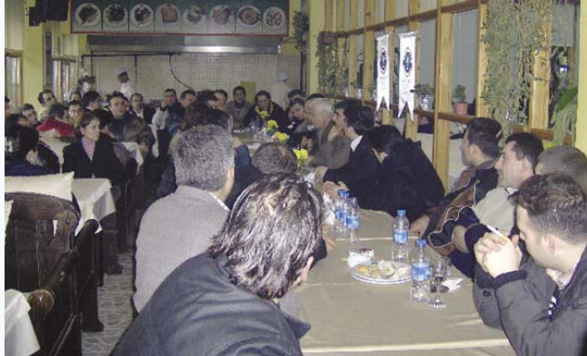
Güneşli-B. Çekmece ortak toplantısı

Güneşli, Büyükkçekmece Mağazaları için ortak düzenlenen toplantı 18 Ocak günü Plevne Par-
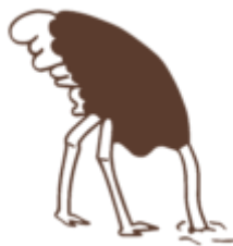
Ego-type de Struisvogel
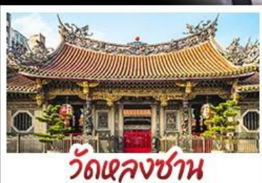
วัดเจหลงชาน
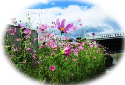
園庭のコスモスがやっと咲きそろいました
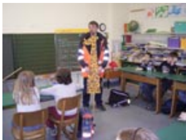
Selbstgebastelte Tierfiguren werden helfen, die dargestellte Problematik (nicht gesehen werden) zu verdeutlichen
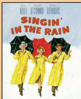
Cantando bajo la lluvia. (Singin' in the Rain),
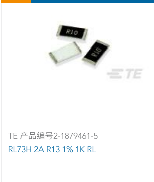
TE 产品编号2-1879461-5 RL73H 2A R13 1% 1K RL
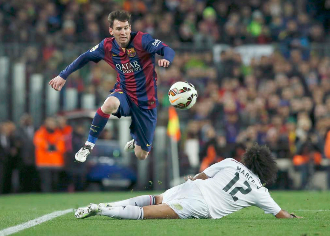
ميسي في مباراة سابقة

وزينت صورته وهو يطارد الكرة وسط الثلوج، الصفحة الرئيسية للموقع الرسمي للاخاد الأفغاني لكرة القدم الذي قام بدوره بمخاطبة الاخاد الأوروبي للعبة ونادي برشلونة الذي يلعب له ميسي. ووفقاً للصفحة الرسمية للاخاد الأفغاني على (فيسبوك)، سيتم اتخاذ القرار خلال الأيام المقبلة حول ما إذا كان سيتم إجراء مقابلة بين اللاعب ومشجعه الصغير في أي مكان سيصدق هذا اللقاء.. وسافر مرضى بقميصه المشهور مع عائلته من مدينتهم غزنة بالمنطقة الشراعية إلى
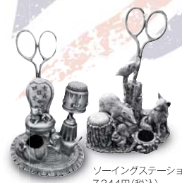
ソーイングステーション 7,344円(税込)

英国生活雑貨や伝統工芸品から英国流アイデア商品まで、いつもは“お目にかかれないグッズ”まで選りすぐったアイテムがいっぱい。
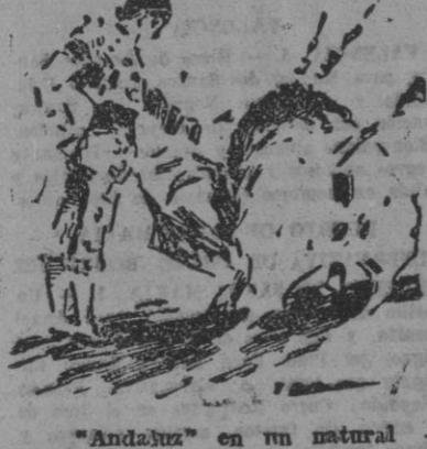
«Andaluz» en un natural
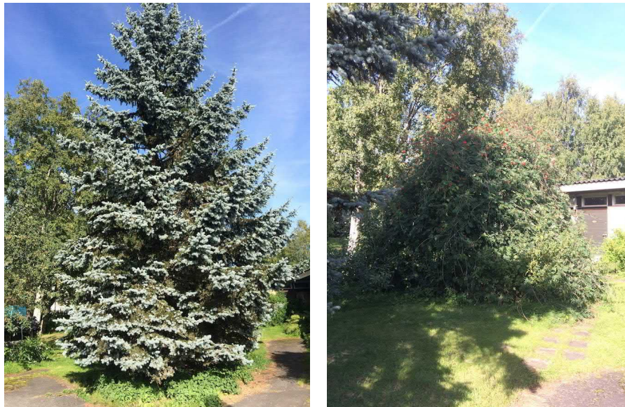
Kuvat 13 ja 14. Puutarhan asuinrakennuksen vieressä oleva hopeakuusi (13) ja riippapihlaja (14).

Puisto- ja katualueen säilytettävät, arvokkaat yksittäispuut ja puuryhmät ovat Castreninpuistossa olevat mänty ja haaparyhmät (kuvat 15-16).

+ + +

__REQUIRED WORK__. All lines between the one that contains "Selbstgebastelte Tierfiguren werden" and the end of the records above, both included, are to be returned exactly as they stand, except for pictures, which are omitted.

__EXERCISE SOLUTION__.
Selbstgebastelte Tierfiguren werden helfen, die dargestellte Problematik (nicht gesehen werden) zu verdeutlichen
Cantando bajo la lluvia. (Singin' in the Rain),
TE 产品编号2-1879461-5 RL73H 2A R13 1% 1K RL
ميسي في مباراة سابقة

وزينت صورته وهو يطارد الكرة وسط الثلوج، الصفحة الرئيسية للموقع الرسمي للاخاد الأفغاني لكرة القدم الذي قام بدوره بمخاطبة الاخاد الأوروبي للعبة ونادي برشلونة الذي يلعب له ميسي. ووفقاً للصفحة الرسمية للاخاد الأفغاني على (فيسبوك)، سيتم اتخاذ القرار خلال الأيام المقبلة حول ما إذا كان سيتم إجراء مقابلة بين اللاعب ومشجعه الصغير في أي مكان سيصدق هذا اللقاء.. وسافر مرضى بقميصه المشهور مع عائلته من مدينتهم غزنة بالمنطقة الشراعية إلى
ソーイングステーション 7,344円(税込)

英国生活雑貨や伝統工芸品から英国流アイデア商品まで、いつもは“お目にかかれないグッズ”まで選りすぐったアイテムがいっぱい。
«Andaluz» en un natural
Kuvat 13 ja 14. Puutarhan asuinrakennuksen vieressä oleva hopeakuusi (13) ja riippapihlaja (14).

Puisto- ja katualueen säilytettävät, arvokkaat yksittäispuut ja puuryhmät ovat Castreninpuistossa olevat mänty ja haaparyhmät (kuvat 15-16).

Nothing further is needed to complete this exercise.